• **Records from a collection**
---

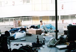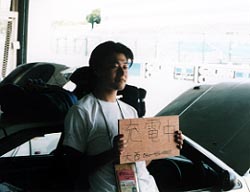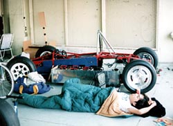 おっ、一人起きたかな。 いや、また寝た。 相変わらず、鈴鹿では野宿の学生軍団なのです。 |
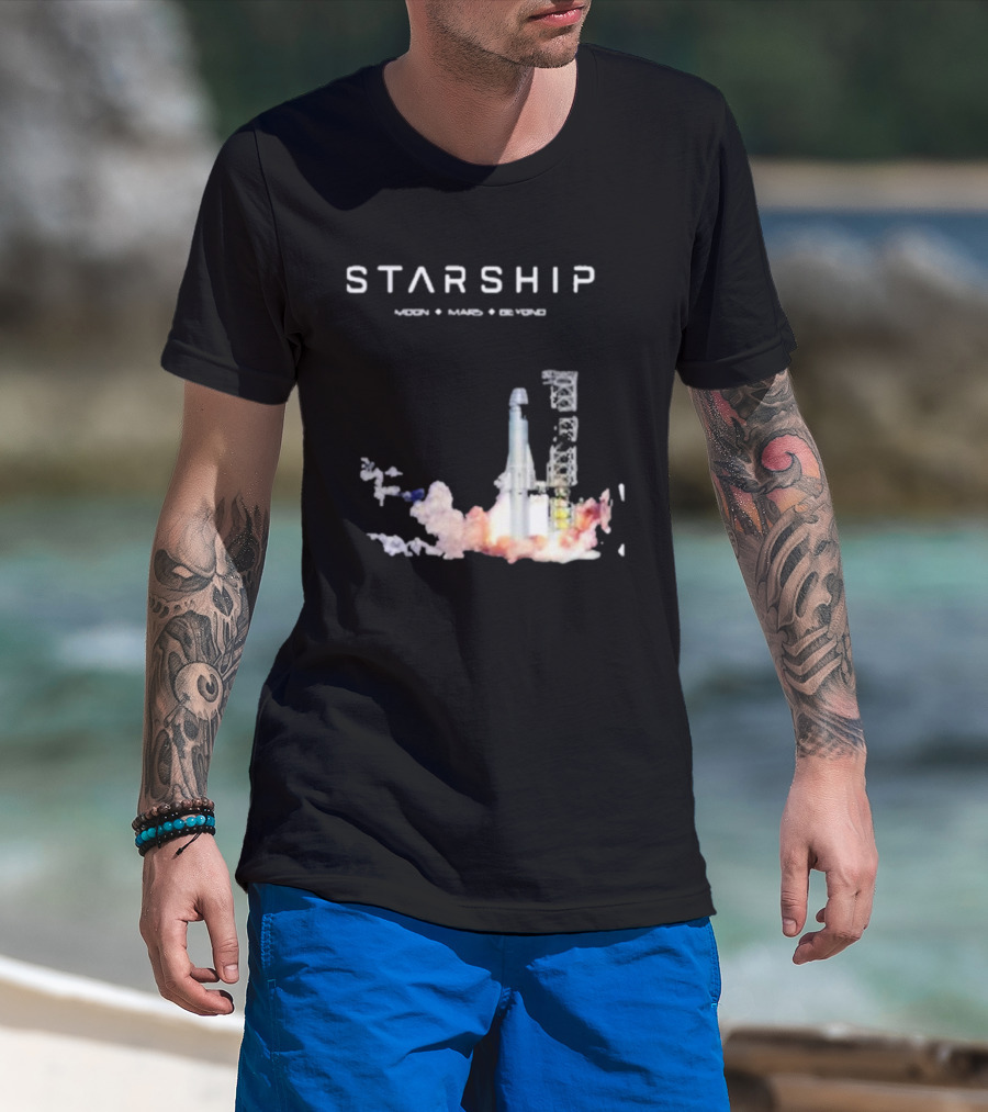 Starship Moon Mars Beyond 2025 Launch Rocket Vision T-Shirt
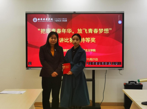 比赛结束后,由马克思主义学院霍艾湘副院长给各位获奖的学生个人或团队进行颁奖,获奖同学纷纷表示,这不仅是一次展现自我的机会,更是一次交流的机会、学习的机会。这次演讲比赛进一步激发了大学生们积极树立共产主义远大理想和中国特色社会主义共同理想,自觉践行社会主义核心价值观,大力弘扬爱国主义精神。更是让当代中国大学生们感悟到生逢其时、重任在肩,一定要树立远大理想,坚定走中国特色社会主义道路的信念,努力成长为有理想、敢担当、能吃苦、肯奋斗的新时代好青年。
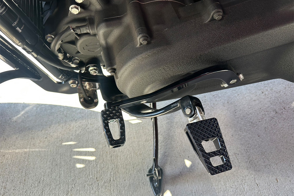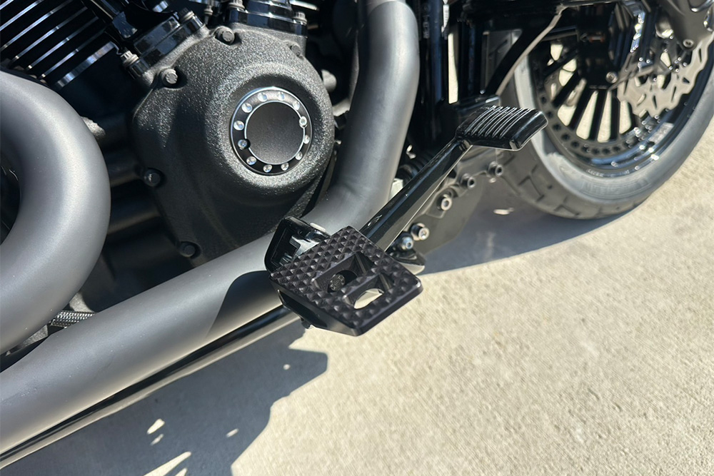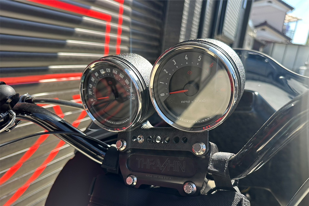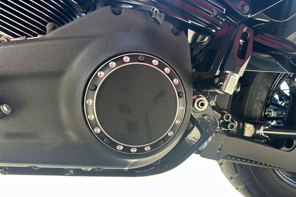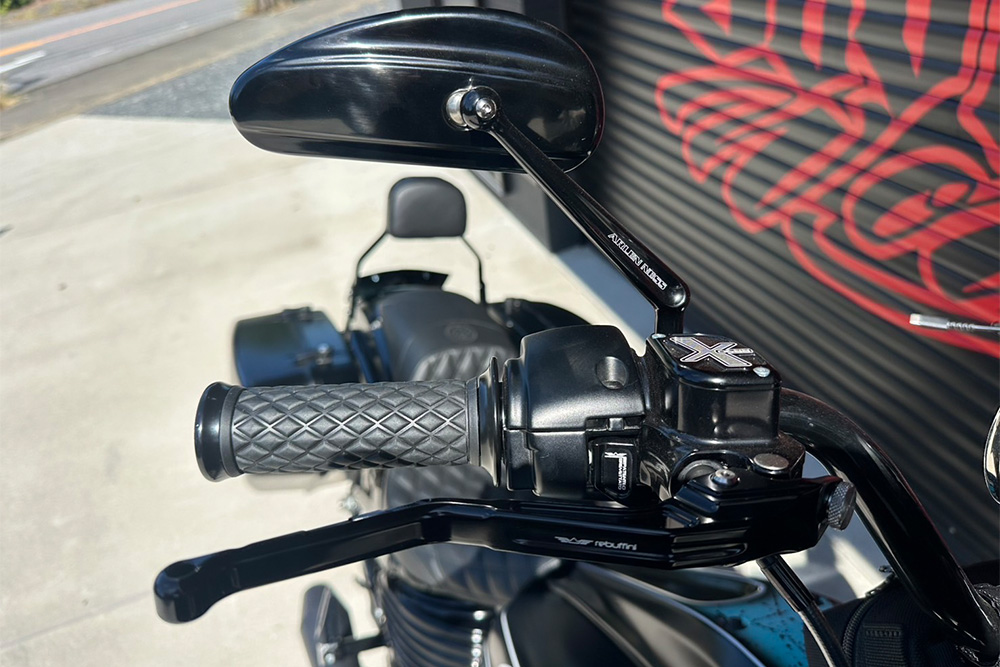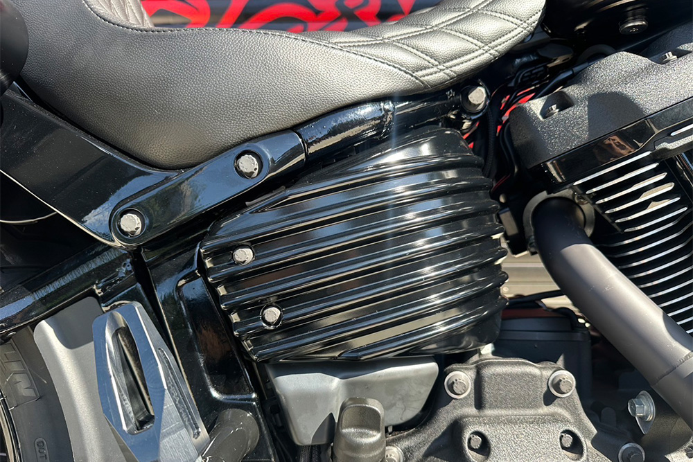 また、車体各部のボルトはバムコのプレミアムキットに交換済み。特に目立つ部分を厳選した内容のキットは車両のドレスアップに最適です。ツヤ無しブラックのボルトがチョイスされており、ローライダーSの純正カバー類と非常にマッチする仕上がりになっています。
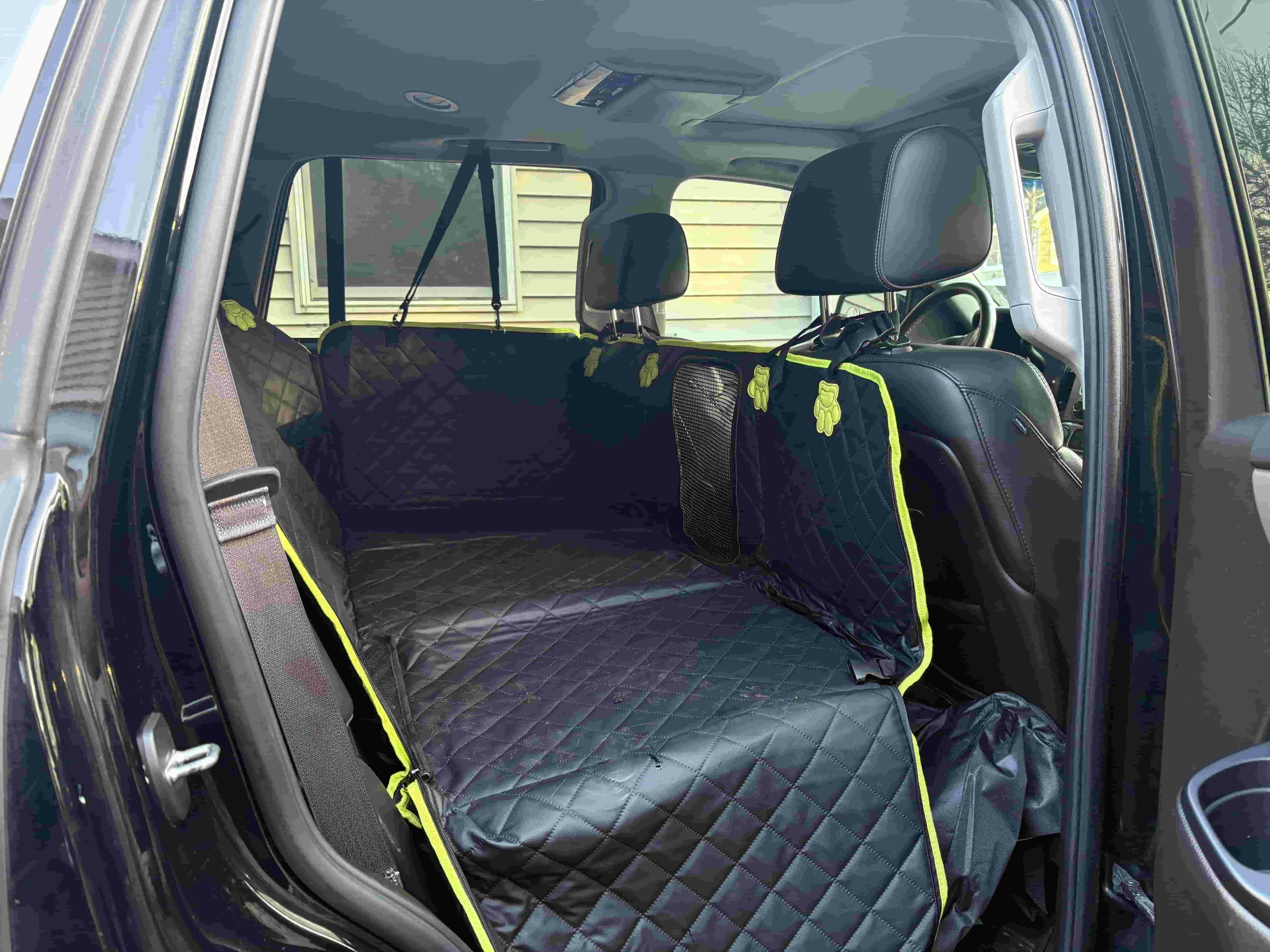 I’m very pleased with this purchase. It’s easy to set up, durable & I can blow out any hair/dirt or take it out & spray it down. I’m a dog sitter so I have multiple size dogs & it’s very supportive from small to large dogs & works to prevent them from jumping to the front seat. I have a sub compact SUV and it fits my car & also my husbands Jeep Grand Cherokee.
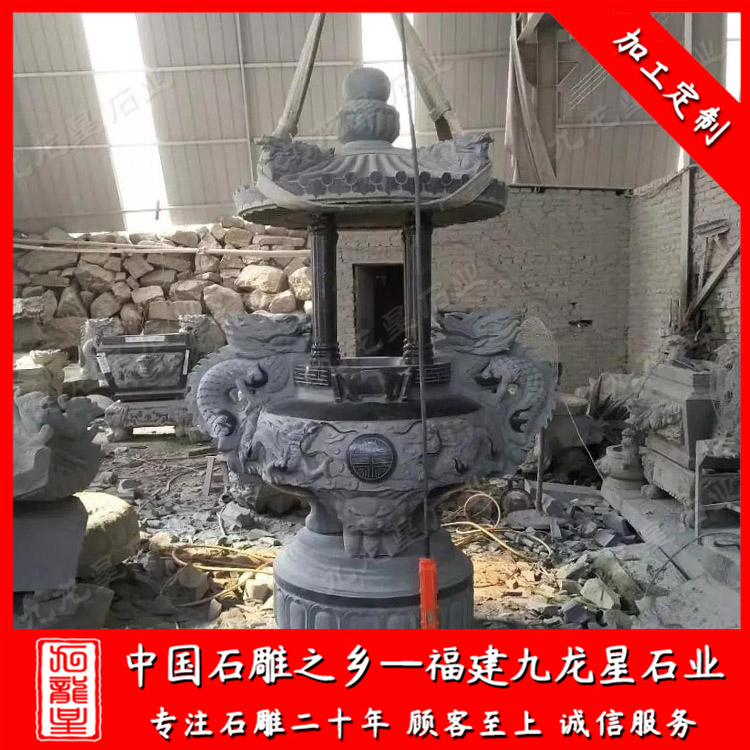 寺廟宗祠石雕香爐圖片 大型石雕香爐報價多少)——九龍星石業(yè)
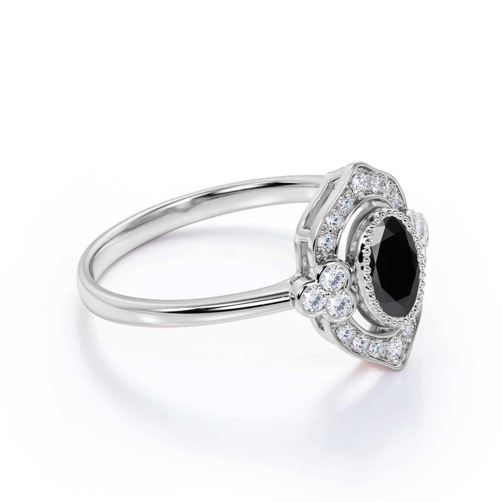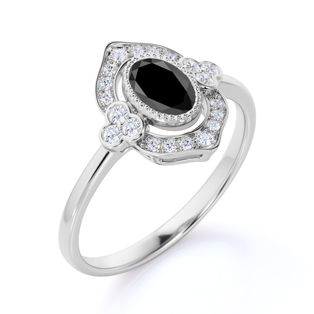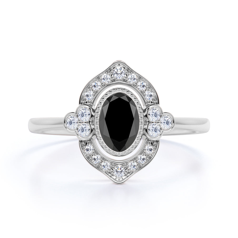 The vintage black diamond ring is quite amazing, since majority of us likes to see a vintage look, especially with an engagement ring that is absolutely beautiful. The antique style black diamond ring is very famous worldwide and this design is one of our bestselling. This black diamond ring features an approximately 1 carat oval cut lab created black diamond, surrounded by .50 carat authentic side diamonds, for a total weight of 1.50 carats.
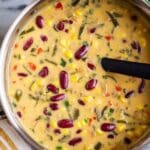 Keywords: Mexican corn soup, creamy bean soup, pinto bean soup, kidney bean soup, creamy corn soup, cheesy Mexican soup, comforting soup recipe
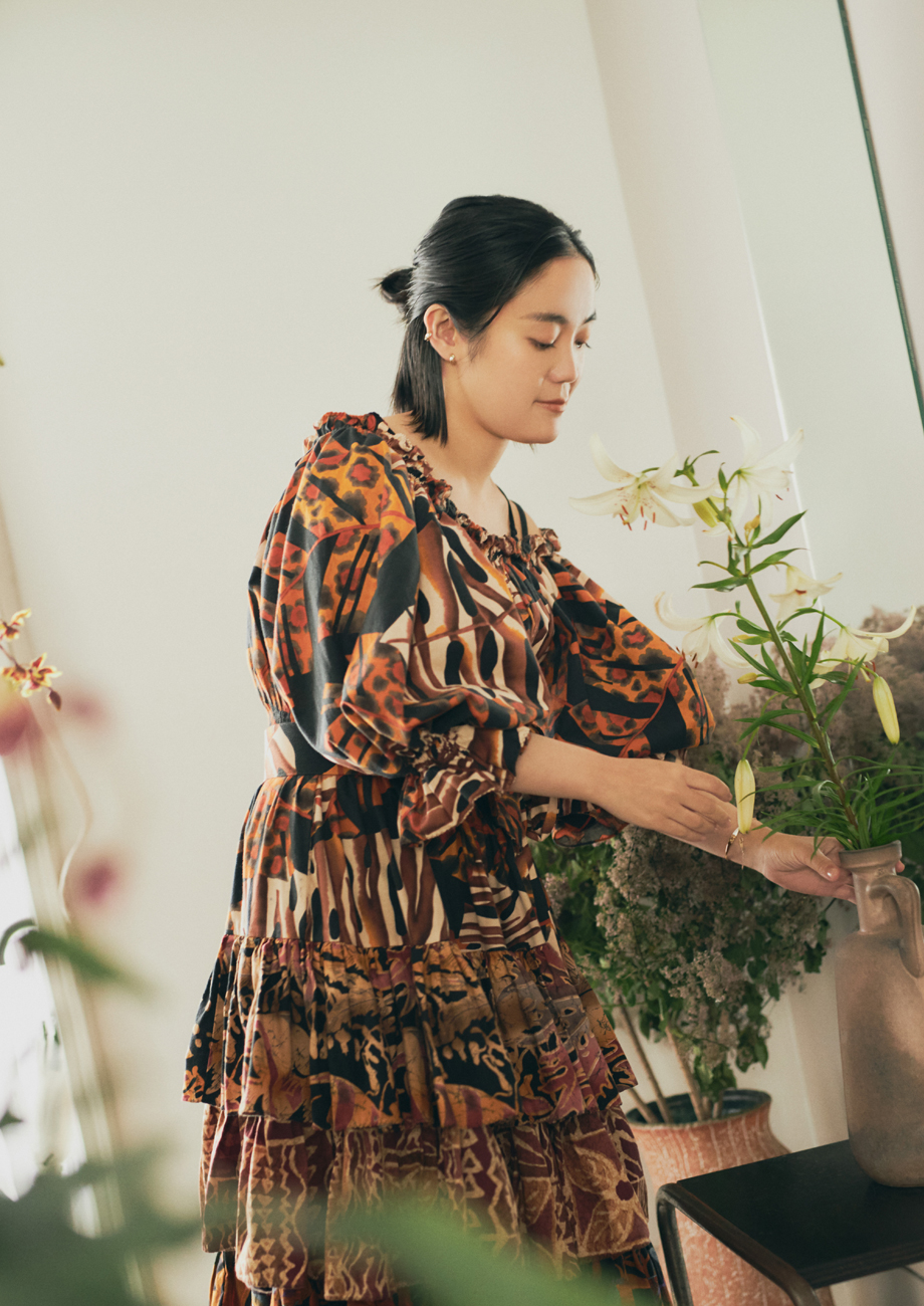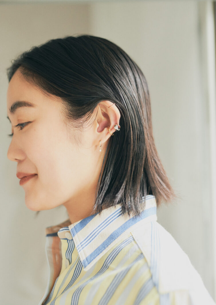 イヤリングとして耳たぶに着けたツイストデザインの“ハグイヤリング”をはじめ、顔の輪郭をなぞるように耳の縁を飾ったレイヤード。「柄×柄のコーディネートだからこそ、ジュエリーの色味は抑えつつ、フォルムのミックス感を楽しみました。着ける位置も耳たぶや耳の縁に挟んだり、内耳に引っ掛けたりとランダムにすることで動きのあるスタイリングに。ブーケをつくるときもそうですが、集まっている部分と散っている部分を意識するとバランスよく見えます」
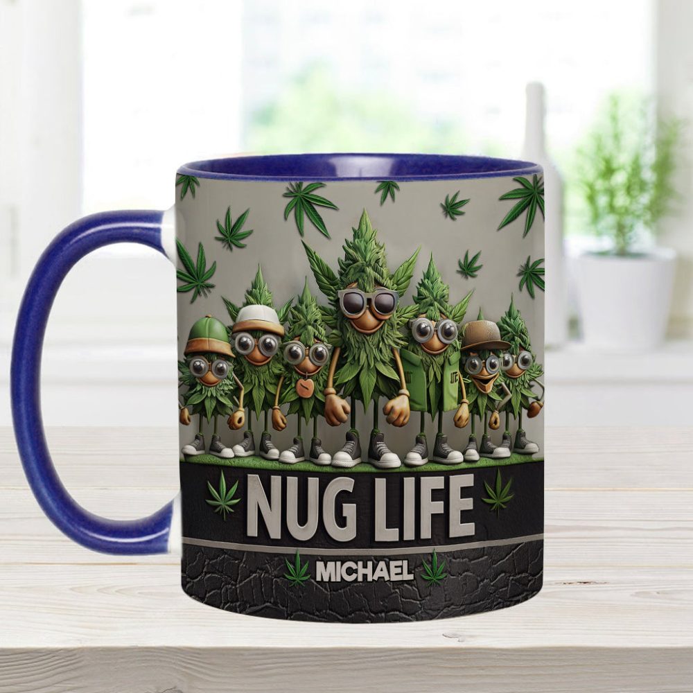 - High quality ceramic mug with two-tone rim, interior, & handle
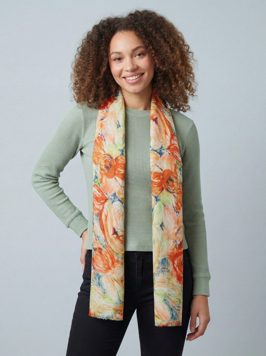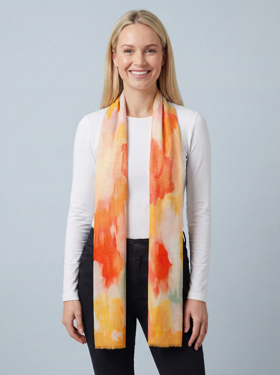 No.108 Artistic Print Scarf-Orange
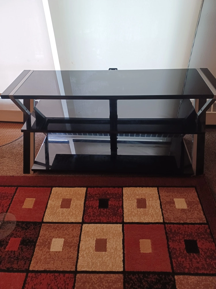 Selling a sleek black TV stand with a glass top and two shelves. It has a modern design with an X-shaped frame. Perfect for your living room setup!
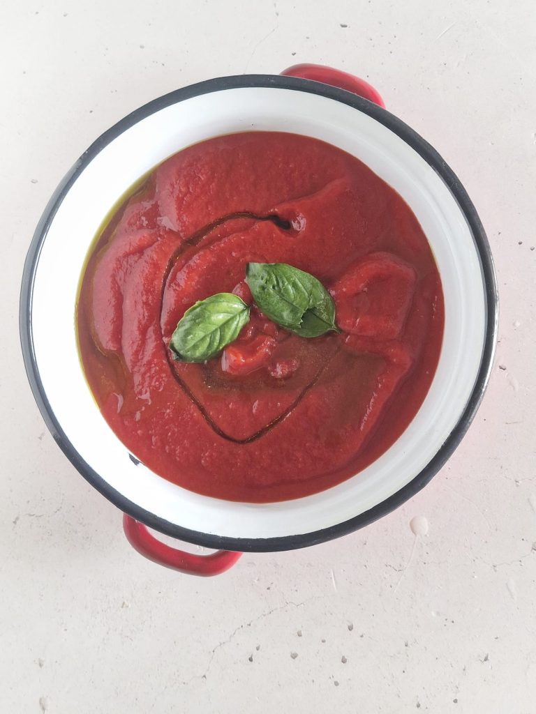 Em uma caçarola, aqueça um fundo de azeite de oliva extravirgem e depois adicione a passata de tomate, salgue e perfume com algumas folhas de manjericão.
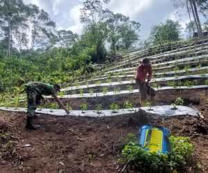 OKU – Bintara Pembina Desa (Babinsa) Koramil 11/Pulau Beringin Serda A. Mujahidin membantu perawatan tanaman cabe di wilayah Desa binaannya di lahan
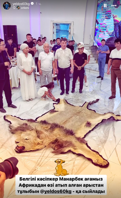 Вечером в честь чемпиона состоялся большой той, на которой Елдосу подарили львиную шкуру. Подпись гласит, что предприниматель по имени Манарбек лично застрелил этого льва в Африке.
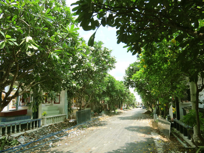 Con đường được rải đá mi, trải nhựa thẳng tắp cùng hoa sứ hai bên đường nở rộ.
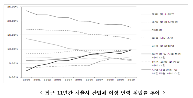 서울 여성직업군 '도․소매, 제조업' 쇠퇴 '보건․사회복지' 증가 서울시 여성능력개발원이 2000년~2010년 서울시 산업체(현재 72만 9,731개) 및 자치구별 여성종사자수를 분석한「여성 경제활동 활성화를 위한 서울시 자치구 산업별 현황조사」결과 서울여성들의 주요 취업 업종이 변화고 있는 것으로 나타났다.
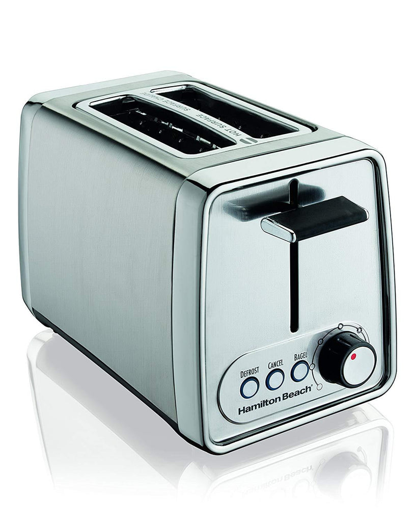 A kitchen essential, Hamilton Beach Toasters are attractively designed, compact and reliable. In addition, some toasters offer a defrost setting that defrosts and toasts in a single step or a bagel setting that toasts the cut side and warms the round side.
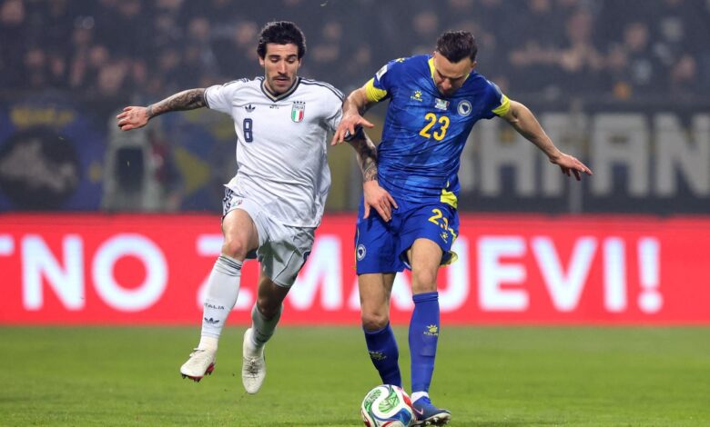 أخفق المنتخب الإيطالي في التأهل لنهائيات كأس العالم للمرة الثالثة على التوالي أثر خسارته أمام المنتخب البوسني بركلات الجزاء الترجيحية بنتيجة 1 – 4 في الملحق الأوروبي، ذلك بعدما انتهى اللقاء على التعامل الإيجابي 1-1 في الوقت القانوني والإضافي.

---

• **Problem description**
Take the lines from the start of the entries through the line containing "No.108 Artistic Print Scarf-Orange" and set them down exactly, leaving out every picture.

• **Exercise solution**
 おっ、一人起きたかな。 いや、また寝た。 相変わらず、鈴鹿では野宿の学生軍団なのです。 |
 Starship Moon Mars Beyond 2025 Launch Rocket Vision T-Shirt
 比赛结束后,由马克思主义学院霍艾湘副院长给各位获奖的学生个人或团队进行颁奖,获奖同学纷纷表示,这不仅是一次展现自我的机会,更是一次交流的机会、学习的机会。这次演讲比赛进一步激发了大学生们积极树立共产主义远大理想和中国特色社会主义共同理想,自觉践行社会主义核心价值观,大力弘扬爱国主义精神。更是让当代中国大学生们感悟到生逢其时、重任在肩,一定要树立远大理想,坚定走中国特色社会主义道路的信念,努力成长为有理想、敢担当、能吃苦、肯奋斗的新时代好青年。
 また、車体各部のボルトはバムコのプレミアムキットに交換済み。特に目立つ部分を厳選した内容のキットは車両のドレスアップに最適です。ツヤ無しブラックのボルトがチョイスされており、ローライダーSの純正カバー類と非常にマッチする仕上がりになっています。
 I’m very pleased with this purchase. It’s easy to set up, durable & I can blow out any hair/dirt or take it out & spray it down. I’m a dog sitter so I have multiple size dogs & it’s very supportive from small to large dogs & works to prevent them from jumping to the front seat. I have a sub compact SUV and it fits my car & also my husbands Jeep Grand Cherokee.
 寺廟宗祠石雕香爐圖片 大型石雕香爐報價多少)——九龍星石業(yè)
 The vintage black diamond ring is quite amazing, since majority of us likes to see a vintage look, especially with an engagement ring that is absolutely beautiful. The antique style black diamond ring is very famous worldwide and this design is one of our bestselling. This black diamond ring features an approximately 1 carat oval cut lab created black diamond, surrounded by .50 carat authentic side diamonds, for a total weight of 1.50 carats.
 Keywords: Mexican corn soup, creamy bean soup, pinto bean soup, kidney bean soup, creamy corn soup, cheesy Mexican soup, comforting soup recipe
 イヤリングとして耳たぶに着けたツイストデザインの“ハグイヤリング”をはじめ、顔の輪郭をなぞるように耳の縁を飾ったレイヤード。「柄×柄のコーディネートだからこそ、ジュエリーの色味は抑えつつ、フォルムのミックス感を楽しみました。着ける位置も耳たぶや耳の縁に挟んだり、内耳に引っ掛けたりとランダムにすることで動きのあるスタイリングに。ブーケをつくるときもそうですが、集まっている部分と散っている部分を意識するとバランスよく見えます」
 - High quality ceramic mug with two-tone rim, interior, & handle
 No.108 Artistic Print Scarf-Orange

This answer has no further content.